Hilfsfrist muss sich an medizinischer Notwendigkeit orientieren
Die Hilfsorganisationen, Krankenkassen und der Landkreistag in Baden-Württemberg blicken mit Sorge auf die Diskussion rund um die aktuelle Rechtsprechung zum Rettungsdienst. Entscheidend für einen handlungsfähigen, modernen Rettungsdienst ist eine Orientierung der Regelungen einschließlich der Hilfsfristen an den individuellen medizinischen Notwendigkeiten der Patienten. Anstelle einer überholten Gleichbewertung aller Einsätze sollte die Schwere des Notfalls als zentraler Maßstab einer zeitgemäßen Regelung der Hilfsfrist herangezogen werden.
Unser zentrales Anliegen an die Neufassung des Rettungsdienstgesetzes ist die Differenzierung zwischen unterschiedlichen Diagnosegruppen anhand der medizinischen Notwendigkeit und eine unterschiedliche Bemessung der Hilfsfrist anhand dieser Diagnosegruppen. Wir möchten das Innenministerium darin unterstützen, an dem eingeschlagenen Weg der Novellierung des Rettungsdienstgesetzes festzuhalten und ermutigen den Landtag, dieses zeitnah zu verabschieden.
Organisationsübergreifend und in ganz Deutschland fehlen Fachkräfte – auch dem Rettungsdienst. Zudem stoßen die Ausbildungskapazitäten an ihre Grenzen. Hinzu kommt, dass ausgebildete Notfallsanitäter zwischenzeitlich auch gefragte Fachkräfte abseits der Notfallrettung sind. Nicht zuletzt der Renteneintritt der Generation der Babyboomer wird den Personalmangel in den kommenden Jahren weiter verschärfen.

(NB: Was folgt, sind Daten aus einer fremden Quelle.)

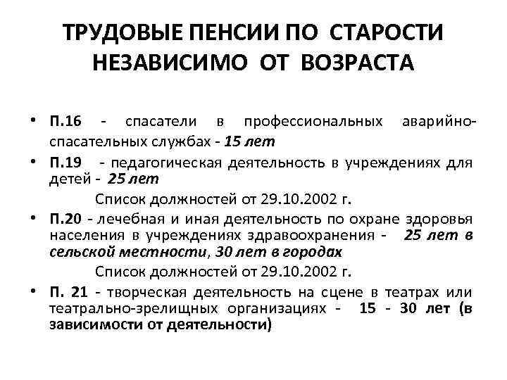 ТРУДОВЫЕ ПЕНСИИ ПО СТАРОСТИ НЕЗАВИСИМО ОТ ВОЗРАСТА • П. 16 - спасатели в профессиональных аварийноспасательных службах - 15 лет • П. 19 - педагогическая деятельность в учреждениях для детей - 25 лет Список должностей от 29. 10. 2002 г. • П. 20 - лечебная и иная деятельность по охране здоровья населения в учреждениях здравоохранения - 25 лет в сельской местности, 30 лет в городах Список должностей от 29. 10. 2002 г. • П. 21 - творческая деятельность на сцене в театрах или театрально-зрелищных организациях - 15 - 30 лет (в зависимости от деятельности)

Das Einsatzaufkommen der Notfallrettung hat in den letzten Jahren stetig zugenommen. Hierbei fällt auf, dass nicht nur die Anzahl der „echten“ Notfalleinsätze, bei denen eine akute Lebensgefahr besteht, angestiegen ist. Vor allem haben auch diejenigen Einsätze zugenommen, bei denen letztlich keine akute Lebensgefahr und in vielen Fällen auch gar kein Transport durch den Rettungsdienst erforderlich war. Mit dem Wissen um diese Entwicklung bedarf es nunmehr der richtigen und passgenauen Antworten.
Jedem Patienten muss angemessen geholfen werden. Um den heutigen Anforderungen an die Notfallrettung gerecht zu werden, gibt es durchaus intelligente Konzepte. Das veraltete System einer starren Hilfsfrist über alle Diagnosegruppen hinweg gehört jedoch nicht dazu. Ein gebrochener Arm kann und muss in einer anderen Frist medizinisch versorgt werden, als dies beispielsweise bei einem Patienten mit Herzstillstand der Fall ist.
Schon heute differenziert das System der Notfallrettung zwischen dringenden und nicht dringenden Einsätzen: mit sogenanntem Sondersignal oder ohne. Die Entscheidung über die Eilbedürftigkeit obliegt dabei den Disponenten in den Leitstellen. Einsätze ohne Sondersignal und damit eine Vielzahl von niedrigschwelligen Einsätzen einer strengen Hilfsfrist zu unterwerfen, wäre in der Sache schlicht nicht zielführend.
Wir setzen uns dafür ein, dass zukünftig allen Patienten in der für ihre Diagnosegruppe adäquaten Zeit geholfen wird. Dies gilt insbesondere bei Notfällen, in denen ganz akut höchste Eile geboten ist, um Menschenleben zu retten oder schwere gesundheitliche Schäden abzuwenden. Hierbei sollten alle verfügbaren Systeme zum Einsatz kommen, um Patienten in kürzester Zeit Hilfe leisten zu können. Neben Rettungswagen und notarztbesetzten Fahrzeugen des Rettungsdienstes können auch die Helfer-Vor-Ort-Systeme und die App-basierten Ersthelfersysteme zusätzlich einbezogen werden. AM KIT in Karlsruhe läuft bereits ein Forschungsprojekt, welches vom Land gefördert und von Fachleuten begleitet wird. Das Forschungsprojekt beschäftigt sich intensiv mit der Ausgestaltung und Umsetzung von Diagnosegruppen. Die hierbei gewonnenen Erkenntnisse sollten einbezogen werden.
Perspektivisch ist es zudem zwingend notwendig, auch die Notfallversorgung sektorübergreifend zu planen. Neben dem Rettungsdienst sind dabei die ambulanten und stationären Notfallkapazitäten der niedergelassenen Ärzte und der Krankenhäuser zu berücksichtigen und zusätzlich der Zugang der Hilfesuchenden über die Integrierten Leitstellen zentral zu steuern.